The opposition leader thanked his supporters, who plan to protest for his release despite threats from the authorities. Instagram / navalny

Kremlin critic Alexei Navalny has said he does not plan to commit suicide and thanked his supporters in his first statement since being jailed in one of Moscow’s most notorious prisons upon his return to Russia.

Navalny was sentenced to a month in jail this week after returning from Germany, where he had been recovering from what Western scientists determined to be poisoning with the Novichok nerve agent. He is being held in Matrosskaya Tishina, the site where lawyer Sergei Magnitsky died in 2009 after investigating large-scale fraud involving Russian tax officials. 

“Just in case: I don’t plan to either hang myself on the window or cut my veins or throat open with a sharpened spoon,” Navalny wrote on his Instagram on Friday. “I use the staircase very carefully [and] they take my pressure every day so a sudden heart attack is ruled out […] I’m in a stable psychological and emotional state.” 

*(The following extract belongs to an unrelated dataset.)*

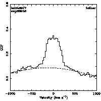 | Cen: -104.1 +/- 12.3 Width: 444.3 +/- 30.8 Peak: 0.057 +/- 0.003 Area: 26.730 +/- 1.499 Cal v: ... Cor v: ... |

The anti-corruption campaigner also thanked his supporters, who plan to take to the streets across the country Saturday to call for his release despite threats from the authorities. 

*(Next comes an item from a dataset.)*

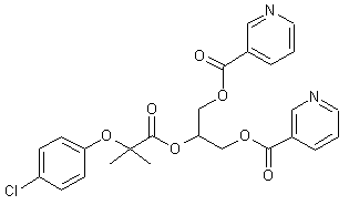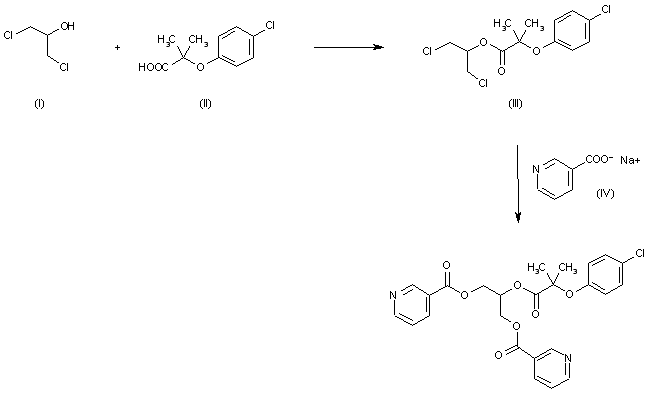 Sterification of 1,3-dichloro-2-propanol (I) with p-chlorophenoxyisobutyric acid (II) forms 1,3-dichloro-2-propanol 2-p-chlorophenoxyisobutirate (III), which, by reaction with the sodium salt of nicotinic acid, is transformed into trihydroxipropane 2-p-chlorophenoxyisobutyrate-1,3-dinicotinate.

“I know for a fact that there are many good people outside my prison and that help will come,” he wrote. 

Navalny pointed to the young Russians who launched viral TikTok trends in which they showed themselves preparing for Saturday’s protests and replacing President Vladimir Putin’s portraits in their classrooms with Navalny’s photo. The hashtags #freeNavalny and #23January had gained more than 200 million views on the popular video-sharing app by 11 a.m. on Friday, reports said. 

“Separate respect for the schoolchildren, who, according to my lawyer's words, arranged ‘lawlessness on Tik Tok.’ I don't know what that means, but it sounds cool,” Navalny wrote.

Navalny accuses Putin of orchestrating his poisoning and has said the latest attempts to jail him are politically motivated, while European leaders have called for the opposition leader's release.